3. BOSTON COLLEGE (2-0): First team to 100, mostly because the Eagles were the first team to contrive a mercy rule this year, agreeing with Howard to cut the second half by 10 minutes after taking a seemingly insurmountable 76-0 lead. Points of for failing to cover against Maine the week before.
4. CRISTIANO RONALDO (5): Yelled at for just being so persistently and annoyingly Ronaldo, the previously goalless Real Madrid preen factory scored five times against Espanyol in a 6-0 win. Covered the smug, as always.
5. ILLINOIS (2-0): Two weeks after firing tyrannical yet losing coach Tim Beckham, the usually Compliant Illini have beaten the ultramodest Kent State and Western Illinois for new coach Bill Cubit. Sure it may not seem like much to you, but puppy love doesn’t matter much either unless you’re one of the puppies.
6. BYU (2-0): Two hail mary passes for game-winning touchdowns aside, the Cougars also broke the seal on groin shots caught on camera.
7. SAN ANTONIO HIGH SCHOOL FOOTBALL: Duck Season! Rabbit Season! Duck Season! Rabbit Season! OFFICIALS SEASON!
8. MADISON BUMGARNER (18-6): Almost pitched a perfect game against the San Diego Padres. Yeah, like that’s a big deal – the Amish-hitting Pads are 0-9 in no-hit games, and the last three times they’ve been done by San Francisco.
9. OHIO STATE (2-0): Shut out the mighty Hawaii Rainbow Warriors, wearing their classic Rainbow Warrior uniforms of yore. Also managed inadvertently to gin up a false quarterback controversy to amuse the natives before their season opener November 21 against Michigan State.

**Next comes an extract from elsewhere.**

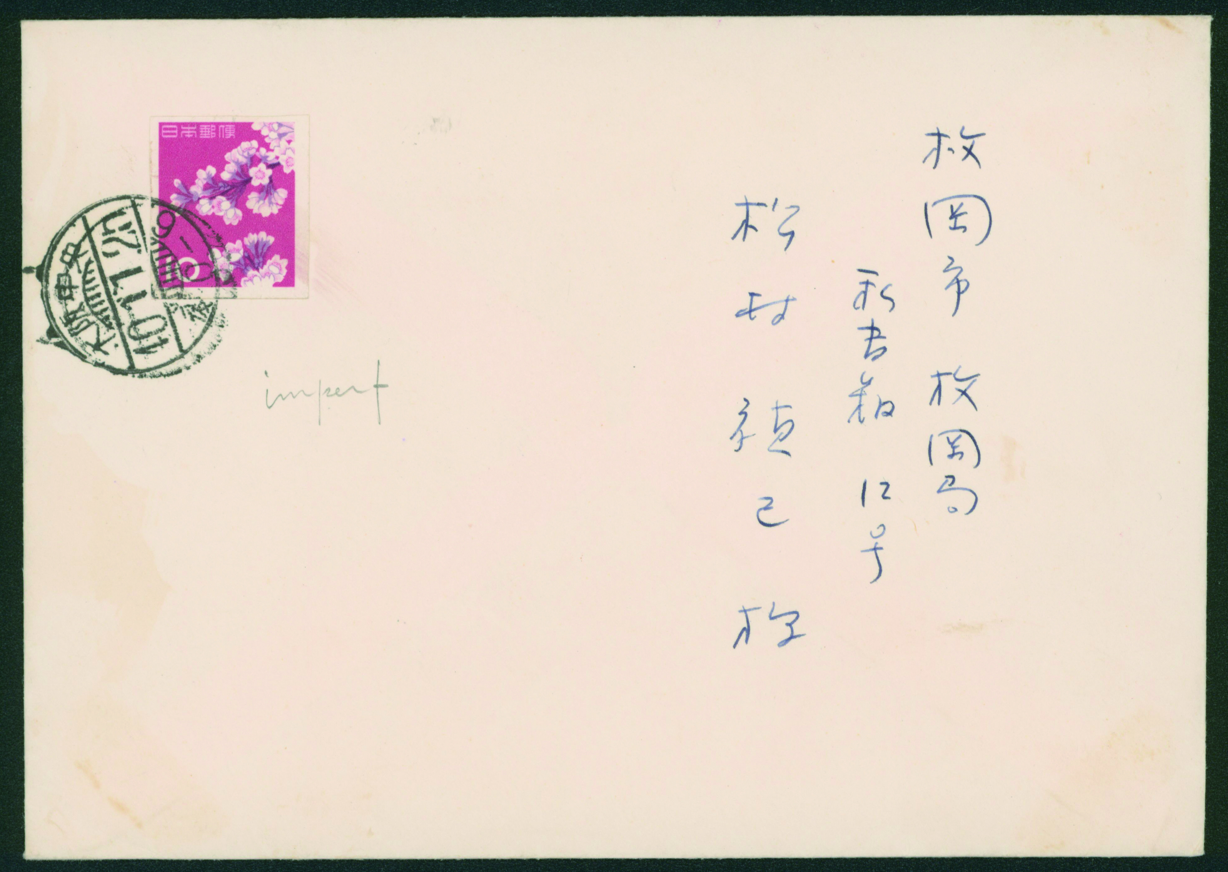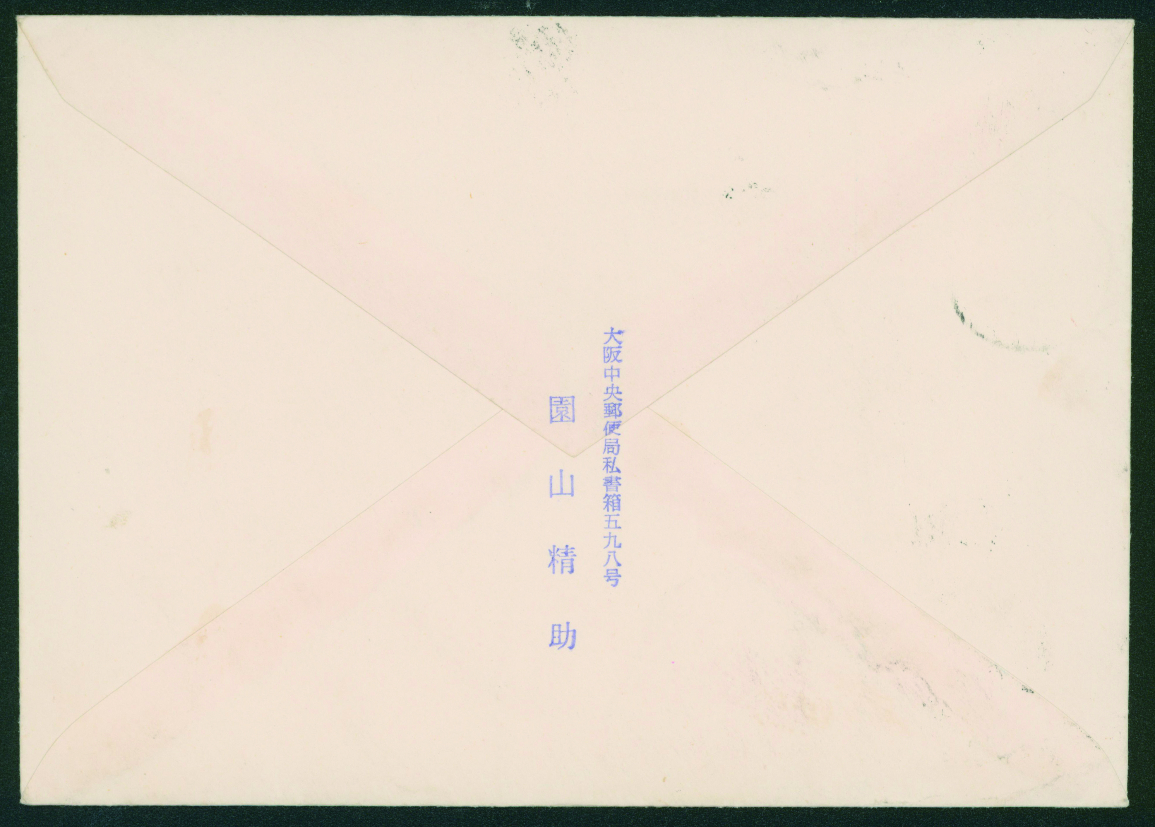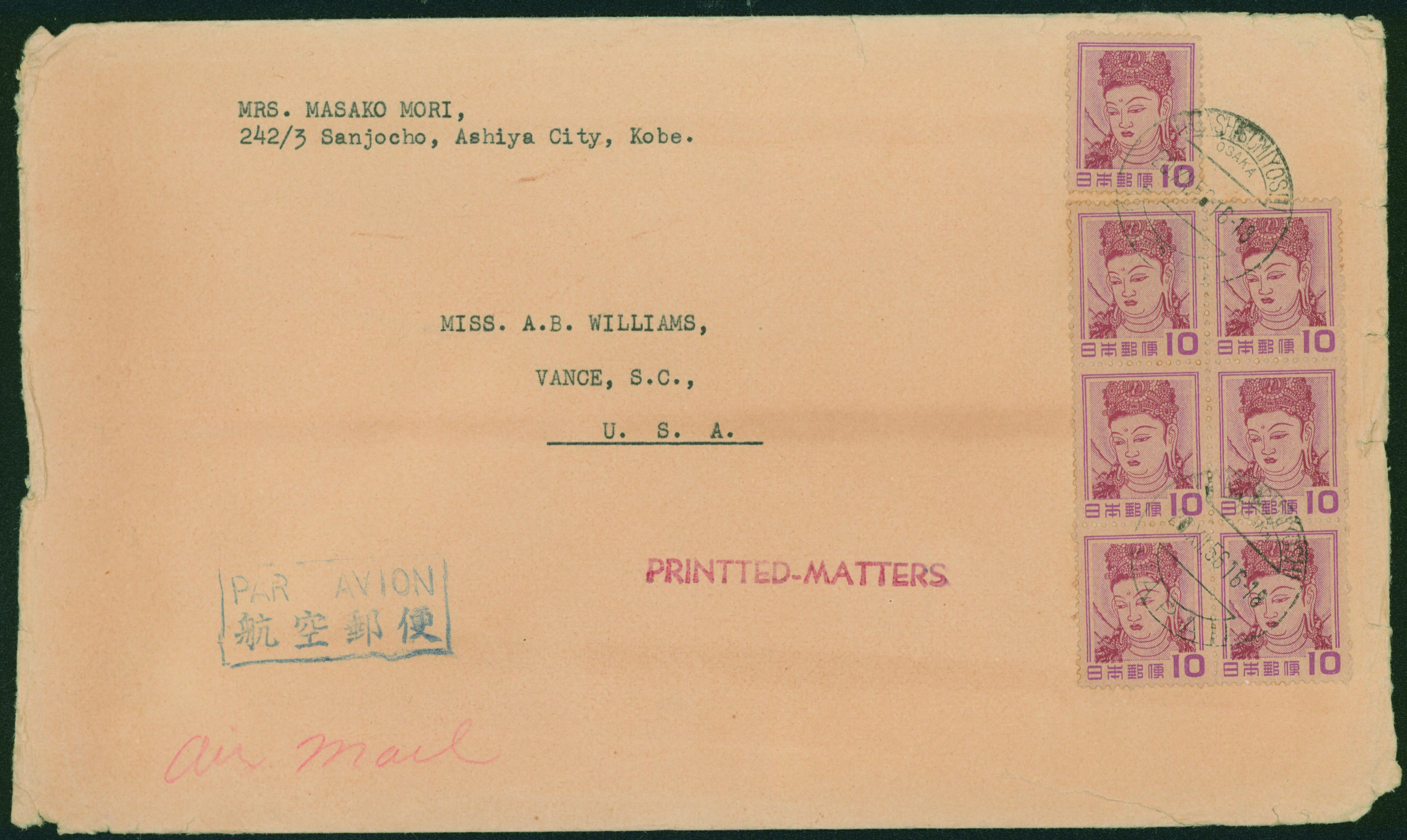 368 358(7) image1952-1959 issue 10 Yen (7) cancelled by roman letter sword cds 1956-12-20 HIGASHISUMIYOSHI to USA (Image1) (Image2) (All Images)

10. DAVID SHAW (1-1): Scored four entire touchdowns against Central Florida to wipe some of the shame from the Northwestern opener. Also punted from the Central Florida 33 at one point to enrage the citizens. Face it, kids, he yam what he yam and that’s all what he yam.

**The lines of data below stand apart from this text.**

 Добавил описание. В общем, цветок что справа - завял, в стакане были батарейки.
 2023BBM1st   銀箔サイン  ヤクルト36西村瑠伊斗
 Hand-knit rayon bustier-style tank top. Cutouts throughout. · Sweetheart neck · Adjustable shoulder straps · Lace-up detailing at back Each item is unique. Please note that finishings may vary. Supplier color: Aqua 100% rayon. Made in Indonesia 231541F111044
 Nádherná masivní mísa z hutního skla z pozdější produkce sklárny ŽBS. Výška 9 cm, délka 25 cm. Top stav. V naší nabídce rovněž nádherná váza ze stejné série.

11. TOLEDO (1-0): Made Arkansas’ Bret Bielema look like he wanted to destroy all of Little Rock with his heat vision.
12. KENTUCKY (2-0): Did the same to South Carolina’s Steve Spurrier, though why The Ol’ Ball Coach would want to destroy Little Rock escapes us.

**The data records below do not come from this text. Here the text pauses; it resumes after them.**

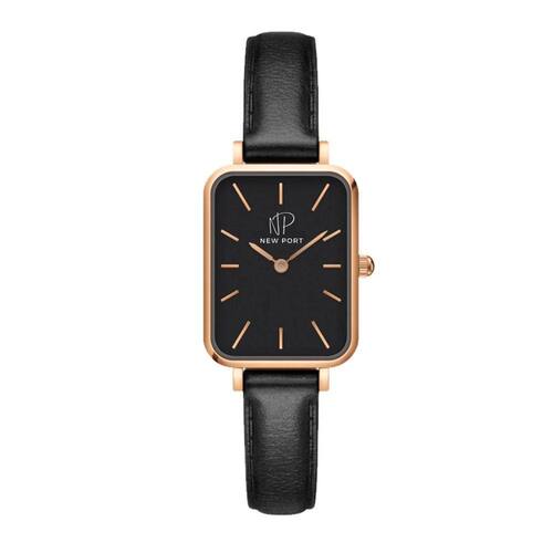 O Relógio Feminino New Port Quadrado Square Piermont Black Rosé, com sua pulseira de couro vegano preto, possui um elegante diâmetro de 20x26mm. Sua caixa em metal rosé abriga um mostrador preto, protegido por vidro de mineral resistente, garantindo durabilidade e estilo.
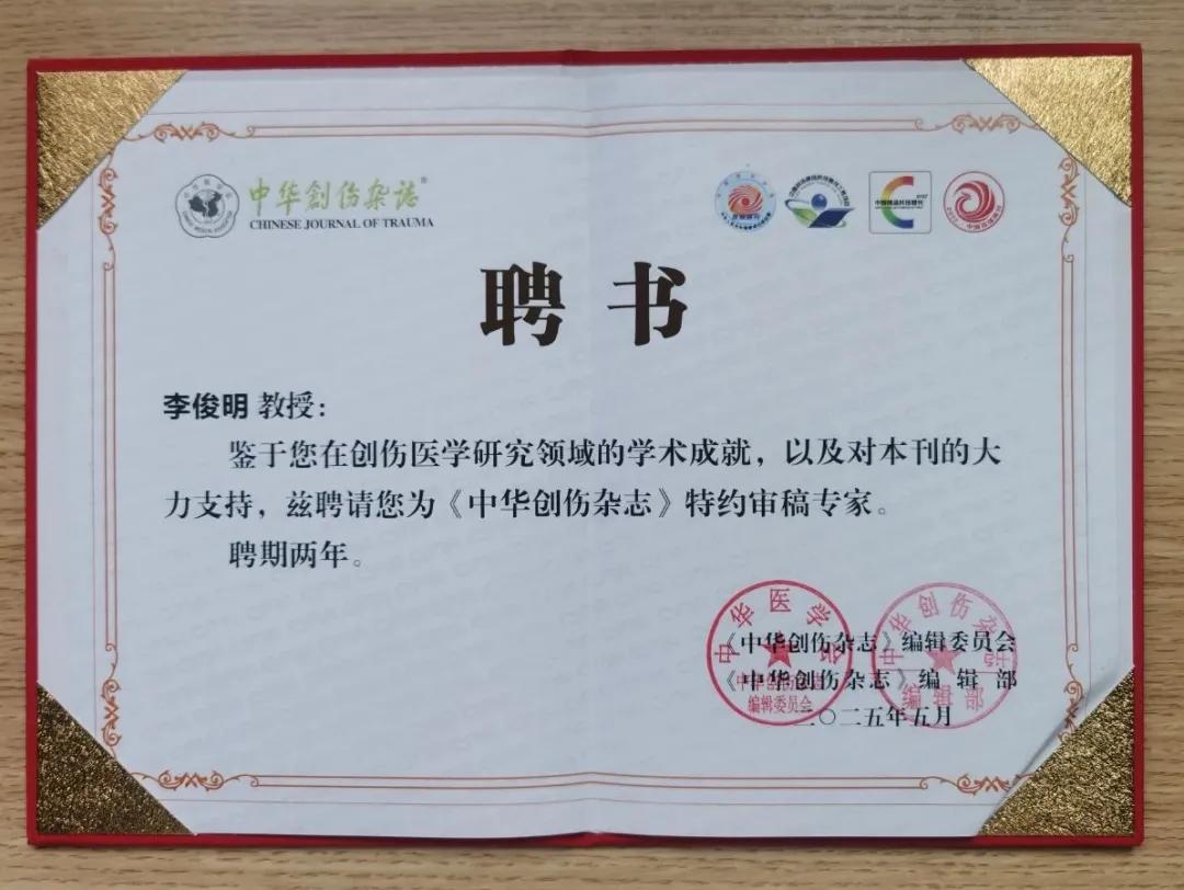 近日,漯河醫(yī)專二附院(漯河市骨科醫(yī)院、漯河市立醫(yī)院)手顯微外科(修復(fù)重建外科)主任兼大骨科副主任、骨科三級(jí)主任醫(yī)師、碩士研究生導(dǎo)師李俊明教授被《中華創(chuàng)傷雜志》特聘為特約審稿專家。此殊榮是對(duì)其在手顯微外科醫(yī)學(xué)研究領(lǐng)域?qū)W術(shù)能力的肯定,也彰顯了醫(yī)院在該領(lǐng)域的成就,為醫(yī)院發(fā)展提供了與國(guó)內(nèi)外頂尖專家交流的寶貴機(jī)會(huì)。
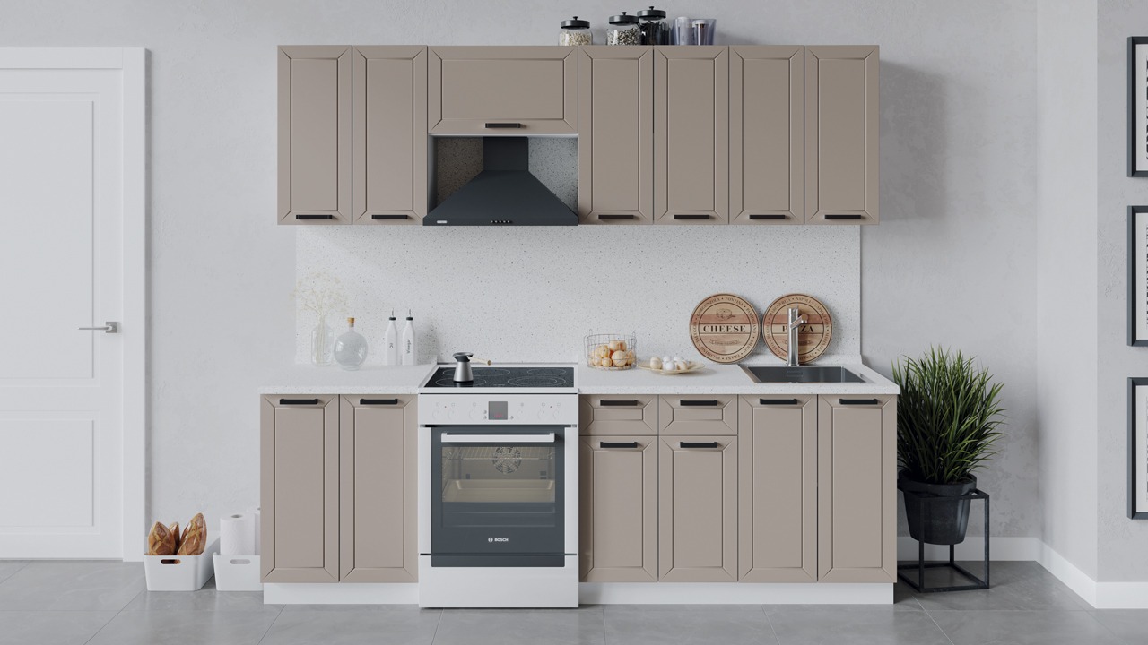 | Габаритный размер набора модулей без учета газовой плиты2 400 | Оттенок фасадаКоричневый | Цвет ручкиЧерный |
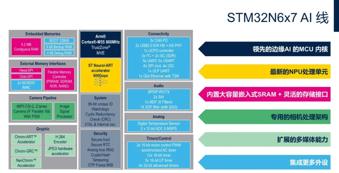以用于AR+AI智能眼镜的STM32N6为例,采用Cortex-M55内核,主频800MHz,多任务处理能力显著增强;搭载ST自研Neoral-ART NPU单元及ISP单元,适配视觉识别类边缘AI任务;同时内置Chrom-ART、Chrom-GRC、NeoChrom多钟图形加速器,可处理图形渲染等任务,有效降低CPU负载;如上图,STM32N6还集成多种外设及多媒体能力,既能满足数据采集、外设控制等需求,也能驱动图形界面,为GUI开发提供硬件级支持。
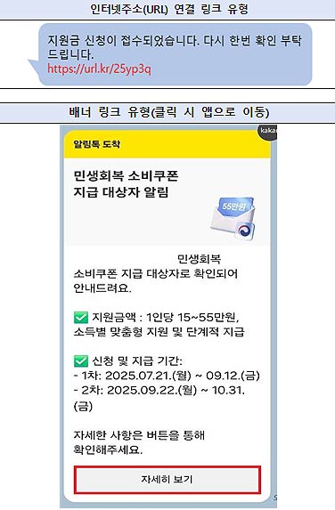 인터넷 주소 바로가기(URL 링크)가 포함된 고유가 피해지원금 문자와 알림은 100% 사기입니다
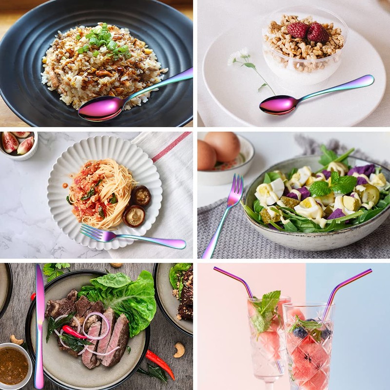 Reusable utensils is made of stainless steel with high quality plated which enhance the surface hardness,avoid the scrath on the flatware when using. Please note that the durable quality comes with the certain weight, durable and healthy for daily use, dishwasher safe,smooth edges without rough spots, anti-oxidation, stylish and generous. Mirror finished surface and ergonomic shape.

13. TENNESSEE (1-1): Gave the customers one more reason to miss Philip Fulmer by blowing a 17-0 lead at home to Oklahoma, and then enjoyed head coach Butch Jones (who looks like a Butch Jones) got into Oklahoma’s Eric Striker after the game for enjoying the win a bit too stridently.
14. FLAVIA PENNETTA (1-0, TAKES A HIKE): Won the most delightful and least fearsome U.S. Open Women’s Final ever, then announced her retirement because, what the hell, she’s 32 and you’re not the boss of her. Got a problem with that? Here’s a middle finger for you to ponder on awhile.
15. NOTRE DAME (2-0): Trades an unbeaten season for starting quarterback Malik Zaire.
16. THE PACIFIC 12 CONFERENCE (17-7): Still winless against DirecTV, and Larry Scott is on the hot seat. Rumors for a replacement include Jim Harbaugh. And speaking of which . . .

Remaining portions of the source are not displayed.